One major new feature is Magic Outbound Chat, a web chat box that is launched when a prospective customer clicks on an email link. Salespeople are notified and provided with context about the prospect. Laxman told TechCrunch that most chat boxes are designed for inbound sales teams, and Magic Outbound Chat has helped some of its teams grow their sales pipeline by 300%.

Laxman said that the onboarding process for Outplay takes just a few days and sales managers are provided with a playbook of successful sequences to help them get started.

Outplay’s competitors include unicorns Outbound and SalesLoft. Laxman said that in the mid-2000s, inbound sales processes and tech began rapidly evolving as SaaS adoption increased, but outbound sales teams still relied on the same high-volume tactics they had been using for years.

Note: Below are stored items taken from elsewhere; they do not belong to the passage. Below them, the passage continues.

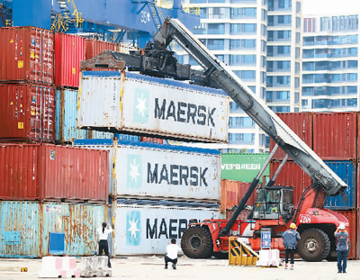海南自貿港免稅商品在海口港集裝箱碼頭完成卸貨,并順利通過海口港海關查驗后放行。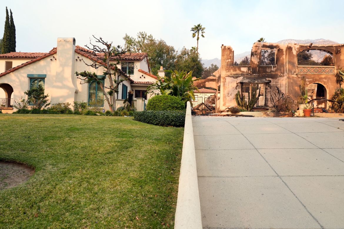 The Walsh House, featured in the television series Beverly Hills 90210, stands undamaged next to a house charred by the Eaton Fire in Altadena, California. [Chris Pizzello/AP Photo]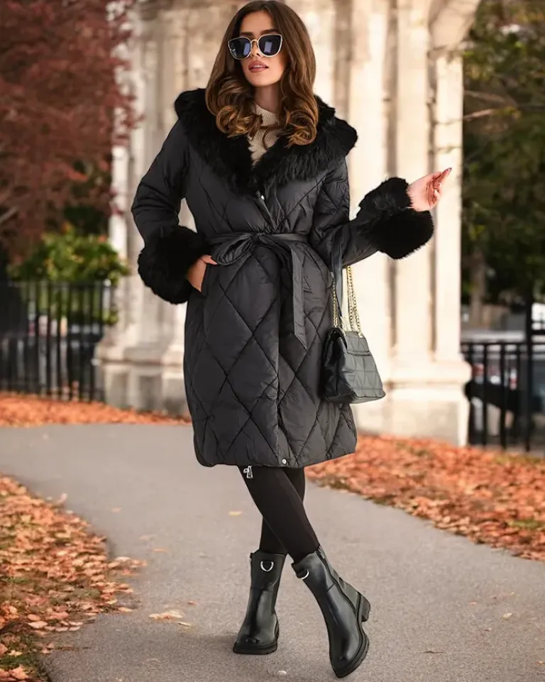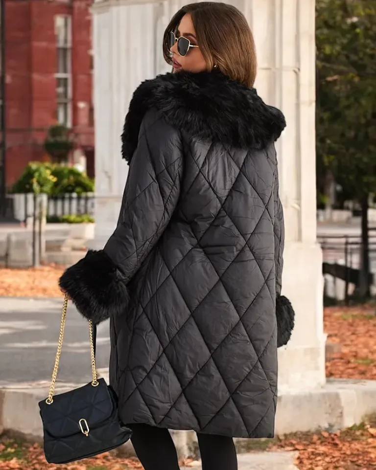 - Ciepła pikowana damska kurtka zimowa posiada kołnierz i rękawy zdobione z futerkiem oraz dwie kieszenie. Kurtka zapinana na zamek i zatrzaski. Model wypełniony puchem syntetycznym. Idealna na zimę!

“The previous outbound sales tech disruption happened in 2011 when Outreach and Salesloft were founded. We really respect what they have done to the industry, but the approach is not scalable and the revenue eventually becomes a function of the size of the outbound sales team,” he said, adding that Outplay is changing the process by using data-driven signals to help sales representatives engage with the likeliest prospects at the right time in the right channel.

For example, Outplay’s Dynamic Sequencing automatically moves prospects from one sequence to another that has a higher chance of success. In one scenario, Outplay can be configured to move a prospective who opens a sales representative’s email more than four times to another sequence that focuses on people who appear interested in a product. Laxman said some of its customers have seen open rates as high as 80% in the second sequence with Dynamic Sequencing.

In a statement, Sequoia India principal Harshjit Sethi said, “Outbound sales needs are evolving rapidly and reps now need personalized, automated and contextual tools to drive sales which Outplay is successfully enabling. Sales reps spend an average of four hours per day on Outplay, demonstrating the effectiveness of the product which has category-leading customer reviews.”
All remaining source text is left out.